Show a model a picture of a dog and ask it what it is looking at. Here are three answers it could give.

One Photograph, Three Captions

A model is shown a picture of a dog. Every caption below is produced the same way — by sampling the next likely word. Only one of them is false.

Neutral

"It is a dog."

True. Expected. You learned nothing.

Negative

"It is a cat."

False. The textbook hallucination.

Positive

"It is a wolf that chose us — a predator we spent thirty thousand years turning into the one animal that reads a human face better than a chimpanzee can."

True. Unexpected. You will remember it.

All three describe the same pixels. Only the middle one is wrong. But notice what the other two are doing, because the usual conversation about hallucination cannot see the difference between them. The first answer is correct. The third answer is also correct — and it is not remotely the same kind of thing. One is a label. The other is an idea. One closes the question; the other opens three more. If a person said the first, you would nod. If a person said the third, you would call them creative.

And here is the part that should bother us: there is exactly one neutral answer, a handful of plausible wrong ones, and an effectively unbounded supply of true-and-surprising ones. The dog is also a four-legged heat engine quietly turning breakfast into warmth. It is a colour-blind nose that experiences the afternoon mostly as a timeline of smells. It is a distant cousin of the animal that would eat it. Every one of these is true. None of them is the answer you were expecting. The space of positive hallucinations about a single dog is larger than the space of facts most people will ever state about it.

Everything a Model Says Is a Hallucination

Andrej Karpathy put it sharply in 2023: hallucination is all an LLM does. It is a dream machine. The prompt starts the dream, and the model unspools whatever its training makes likely. The dog, the cat, and the wolf are produced by precisely the same act — sampling the next token from a learned distribution. The model is not consulting a fact about the photograph and reporting it; it is dreaming, and sometimes the dream lands on the truth. Hallucination is merely the word we reserve for the dreams we dislike the destination of.

This has an uncomfortable consequence. If the generative act is identical whether the output is true or false, then "make the model stop hallucinating" is incoherent as literally stated. You cannot keep the wolf and kill the cat by turning the dreaming down, because the wolf and the cat are the same faculty pointed at different targets. Turn the dial that suppresses the cat and you suppress the wolf in the same motion. This is not a tuning problem. It is a sorting problem, and we have been treating it as the former.

The Two Axes of a Dream

Almost every public discussion of this topic collapses a two-dimensional space onto a single line running from "accurate" to "hallucinating." That line is the error. There are two independent axes, not one.
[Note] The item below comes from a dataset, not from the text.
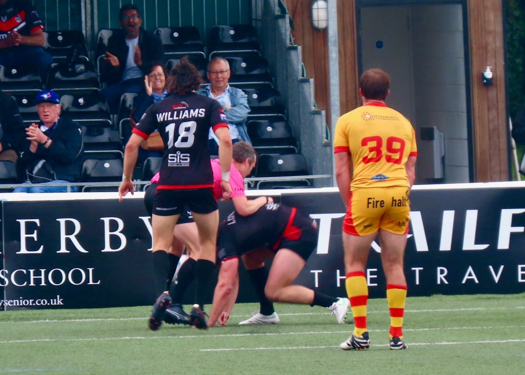 Will Lovell, a player I’ve watched at both Broncos and Skolars , was the next scorer, having looked at my photos, he seemed to get tangled up with the referee, but Sir was unable to prevent him scoring and Broncos increased their lead,.
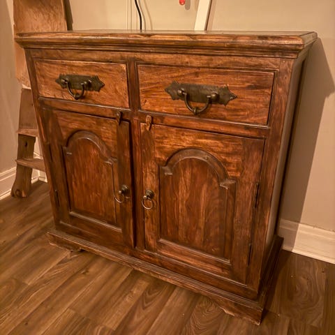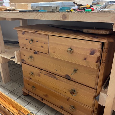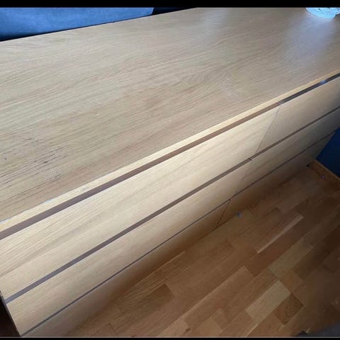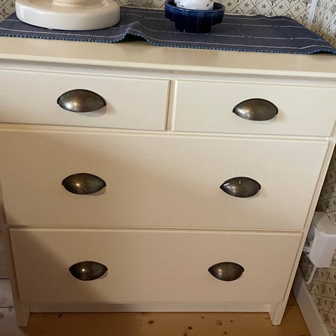 Byrån är i gott skick. Den sista lådan behöver fixas men det är inget stort som påverkar användningen alls och syns tydligt på bilden. Det kan finnas några små ytliga repor, men överlag är byrån i fint och välbevarat skick.

The first is truth: is the statement the case or not? The second is surprise— how far the statement sits from the answer you expected, which information theory makes precise as surprisal, the negative log-probability of the token under your prior. A predictable true statement carries almost no information. An improbable one carries a great deal. Plot the two axes and the regions we have been lumping together fall apart.

The Two Axes of a Dream

Surprise

Negative Hallucination

Confident fabrication. It sounds like insight and is simply untrue. The dangerous one.

Positive Hallucination

True and unexpected. Boden's definition of creativity, reached from the other direction. The prize.

Ordinary Error

The plausible wrong guess. "It is a cat."

Neutral

Correct and dull. "It is a dog."

FalseTruthTrue

Up is more surprising; right is more true. The two halves we call hallucination sit in the same column — the false one. Creativity sits one column over, and we have never had a name for the wall between them.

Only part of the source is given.